SUPPLIED DATA =
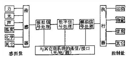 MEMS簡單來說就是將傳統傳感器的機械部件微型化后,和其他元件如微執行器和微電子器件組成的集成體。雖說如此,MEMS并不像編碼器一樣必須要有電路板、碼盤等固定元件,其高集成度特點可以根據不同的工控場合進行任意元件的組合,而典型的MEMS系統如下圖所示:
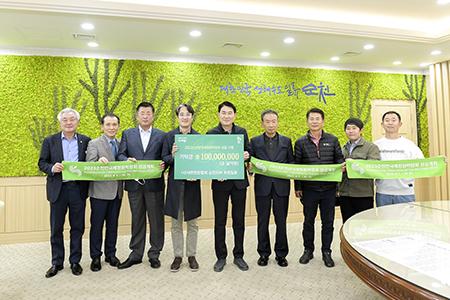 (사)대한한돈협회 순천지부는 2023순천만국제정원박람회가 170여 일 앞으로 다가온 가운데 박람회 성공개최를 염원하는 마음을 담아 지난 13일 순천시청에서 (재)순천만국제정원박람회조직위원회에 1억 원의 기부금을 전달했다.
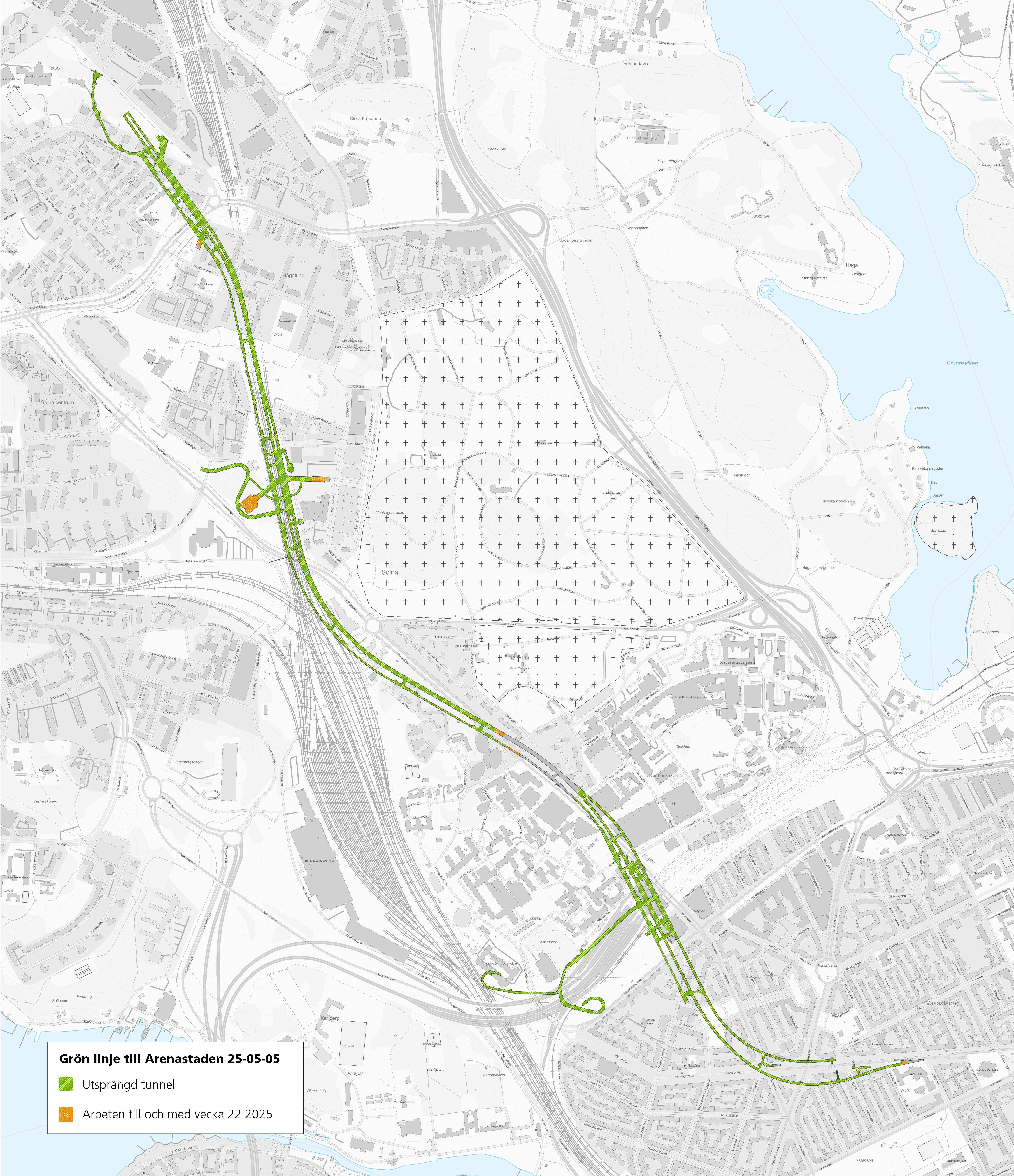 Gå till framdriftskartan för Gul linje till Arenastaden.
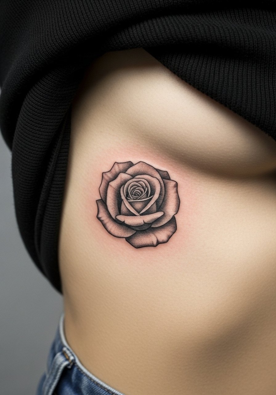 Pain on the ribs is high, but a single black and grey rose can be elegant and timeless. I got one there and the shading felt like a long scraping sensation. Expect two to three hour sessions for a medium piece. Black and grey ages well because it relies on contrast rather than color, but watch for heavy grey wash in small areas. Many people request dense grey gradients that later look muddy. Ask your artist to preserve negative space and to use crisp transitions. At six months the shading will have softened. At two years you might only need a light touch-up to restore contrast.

TASK INSTRUCTIONS =
Copy exactly, and only, the lines from the first line of the material through the line that contains "Gå till framdriftskartan", both ends kept; no pictures.

OUTPUT =
 MEMS簡單來說就是將傳統傳感器的機械部件微型化后,和其他元件如微執行器和微電子器件組成的集成體。雖說如此,MEMS并不像編碼器一樣必須要有電路板、碼盤等固定元件,其高集成度特點可以根據不同的工控場合進行任意元件的組合,而典型的MEMS系統如下圖所示:
 (사)대한한돈협회 순천지부는 2023순천만국제정원박람회가 170여 일 앞으로 다가온 가운데 박람회 성공개최를 염원하는 마음을 담아 지난 13일 순천시청에서 (재)순천만국제정원박람회조직위원회에 1억 원의 기부금을 전달했다.
 Gå till framdriftskartan för Gul linje till Arenastaden.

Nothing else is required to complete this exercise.